> [Required action]
For this task, output exactly the lines of the material below starting at the line with "Rode velvet wide leg broek" and ending at the line with "A mix of coral, nude, and"; pictures are to be excluded.

> [Source material]
*** Begin section ***
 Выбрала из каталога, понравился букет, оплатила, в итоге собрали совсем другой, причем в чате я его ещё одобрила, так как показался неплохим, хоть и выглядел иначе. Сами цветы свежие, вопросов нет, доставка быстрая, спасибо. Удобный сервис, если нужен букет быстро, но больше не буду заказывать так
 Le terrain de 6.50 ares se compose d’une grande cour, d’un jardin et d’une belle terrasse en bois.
*** End section ***
*** Begin section ***
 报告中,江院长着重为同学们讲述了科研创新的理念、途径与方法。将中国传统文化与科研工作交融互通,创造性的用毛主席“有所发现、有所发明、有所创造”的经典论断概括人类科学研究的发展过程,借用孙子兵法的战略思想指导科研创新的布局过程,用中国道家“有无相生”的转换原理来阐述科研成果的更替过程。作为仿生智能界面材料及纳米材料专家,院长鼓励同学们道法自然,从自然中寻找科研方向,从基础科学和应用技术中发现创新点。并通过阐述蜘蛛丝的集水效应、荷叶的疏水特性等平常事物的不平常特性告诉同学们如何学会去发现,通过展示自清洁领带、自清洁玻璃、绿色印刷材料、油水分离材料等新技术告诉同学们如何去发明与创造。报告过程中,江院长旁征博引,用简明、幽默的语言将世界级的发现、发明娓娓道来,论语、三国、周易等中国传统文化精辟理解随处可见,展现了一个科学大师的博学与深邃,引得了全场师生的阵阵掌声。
*** End section ***
*** Begin section ***
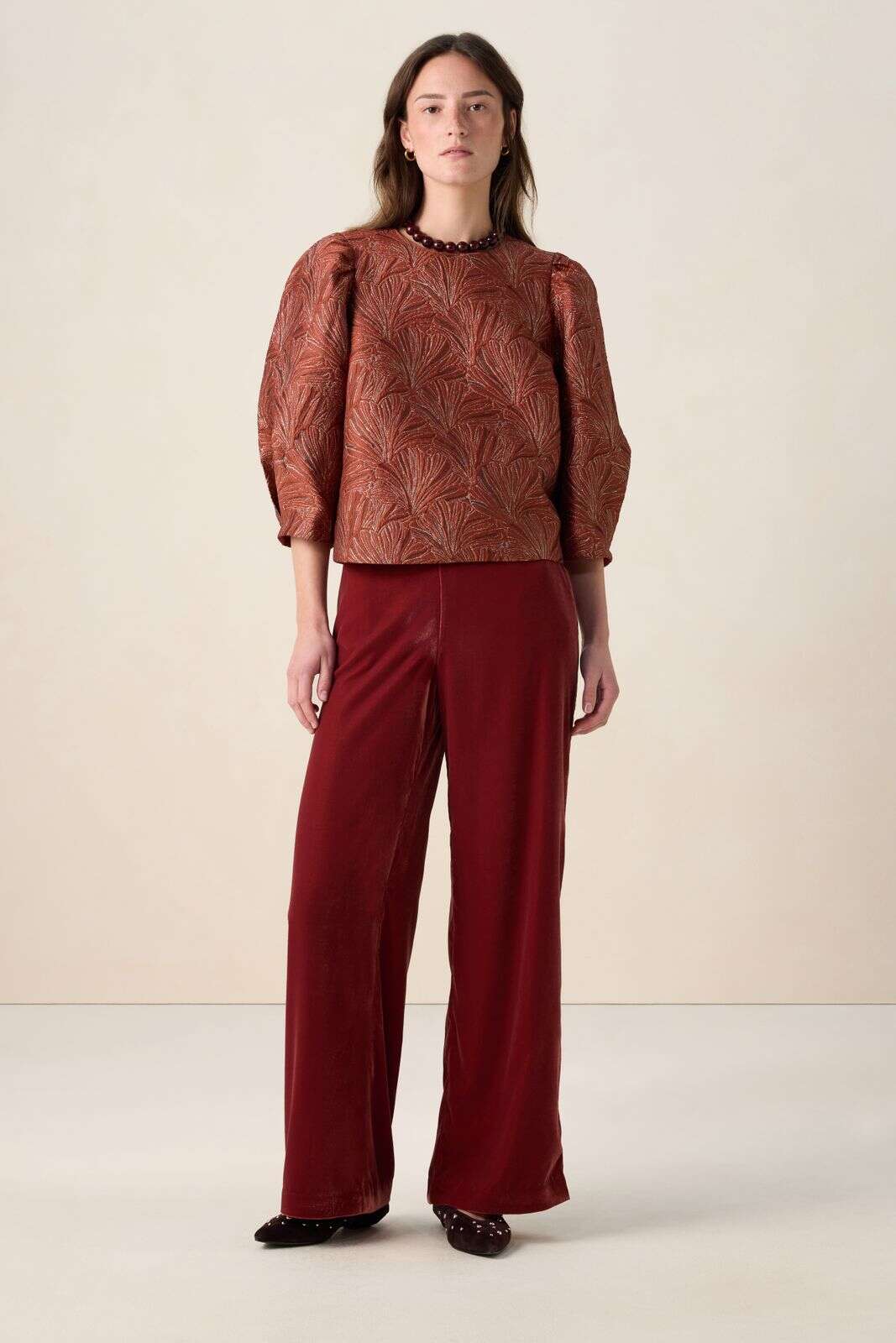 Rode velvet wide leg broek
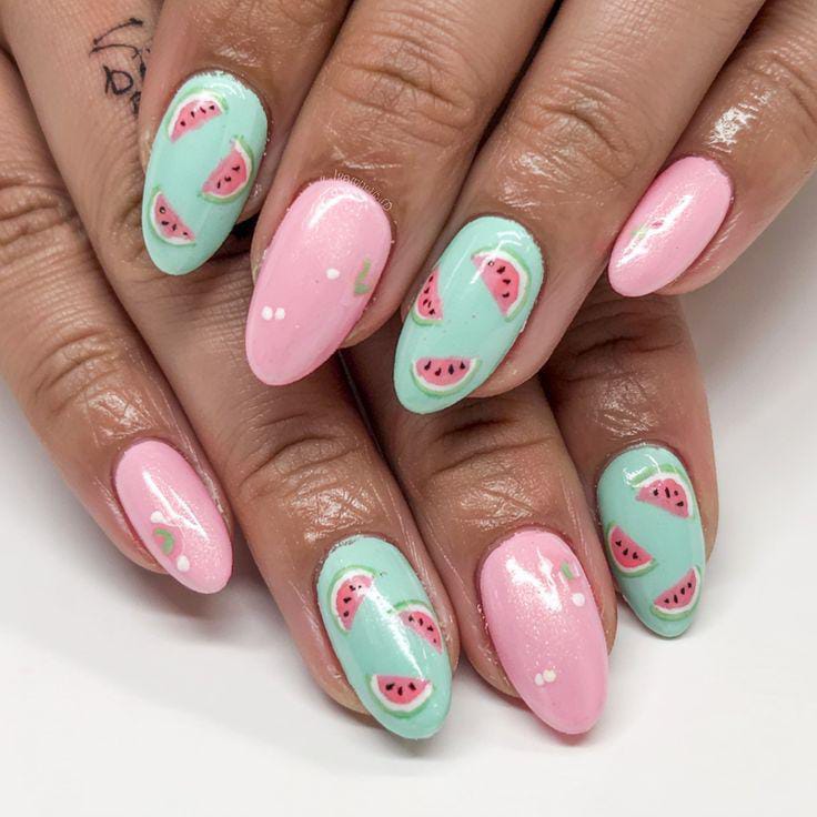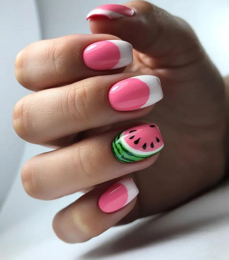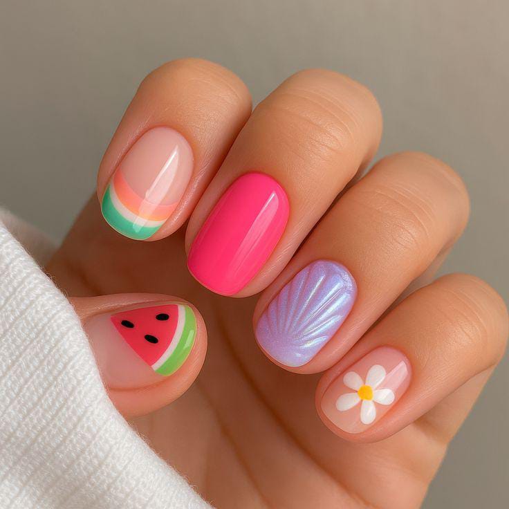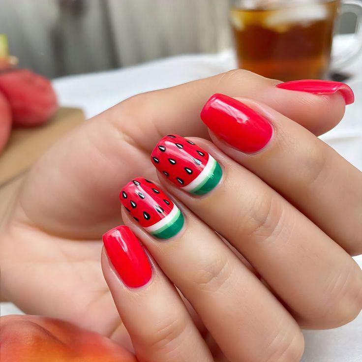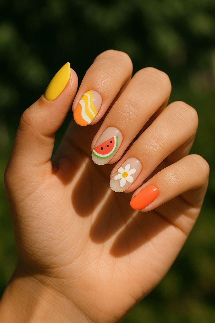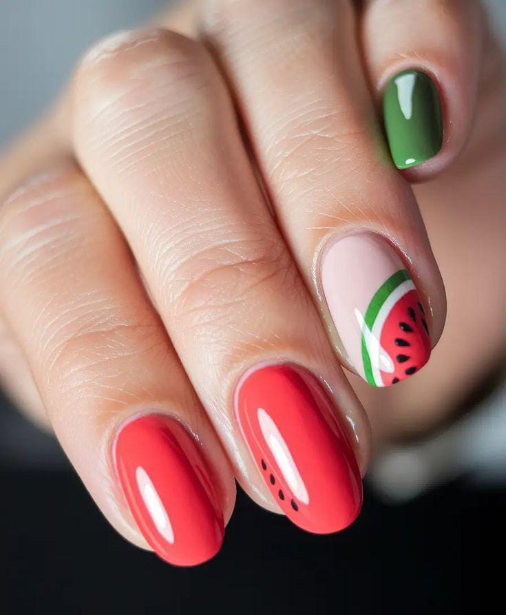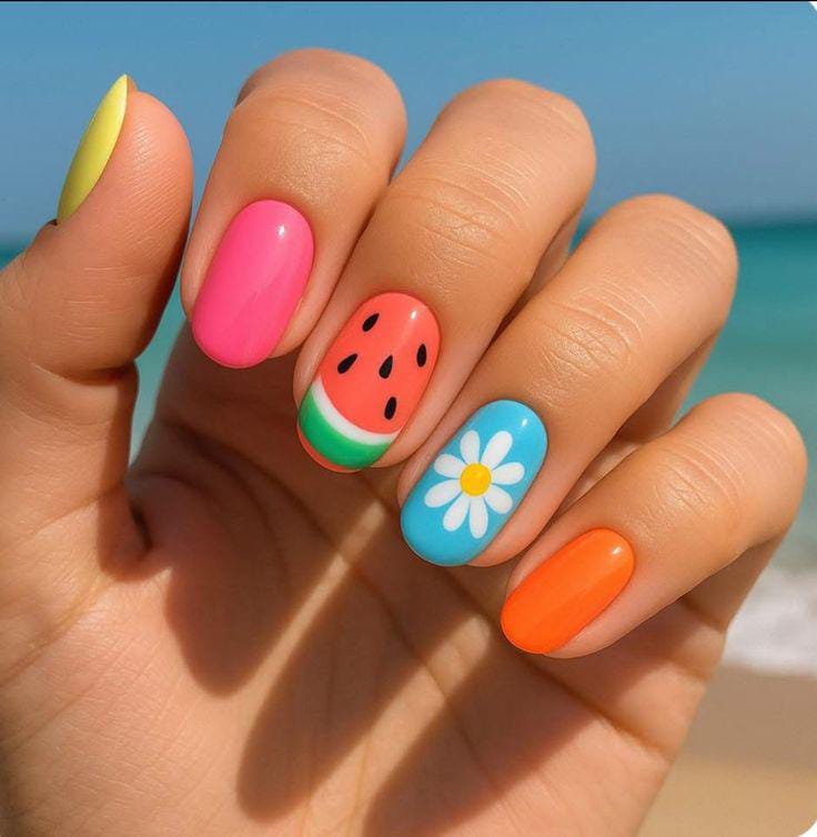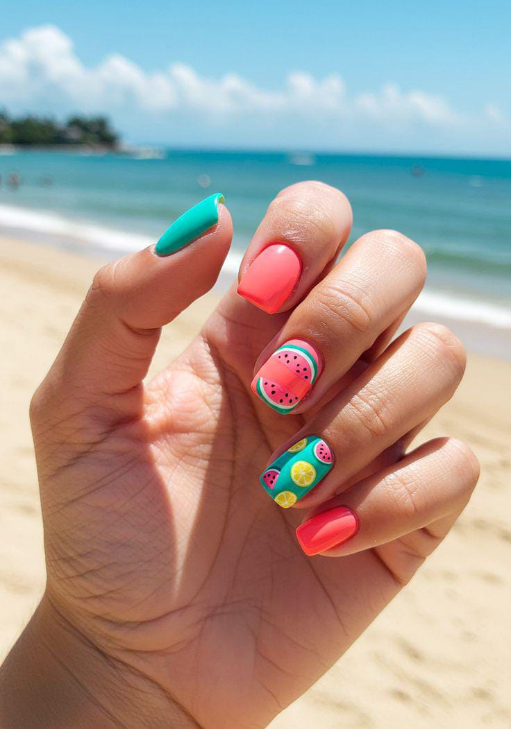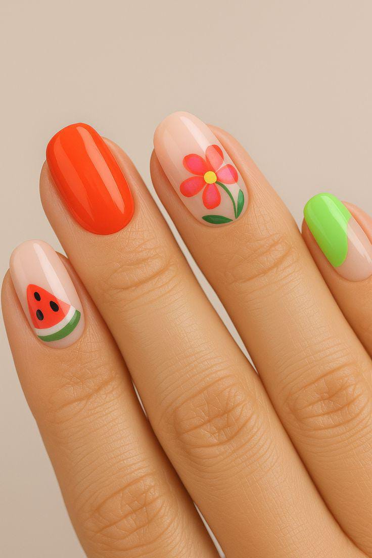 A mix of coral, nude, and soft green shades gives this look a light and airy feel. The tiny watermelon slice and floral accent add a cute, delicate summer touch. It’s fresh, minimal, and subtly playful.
*** End section ***
> [Result of the exercise]
 Rode velvet wide leg broek
 A mix of coral, nude, and soft green shades gives this look a light and airy feel. The tiny watermelon slice and floral accent add a cute, delicate summer touch. It’s fresh, minimal, and subtly playful.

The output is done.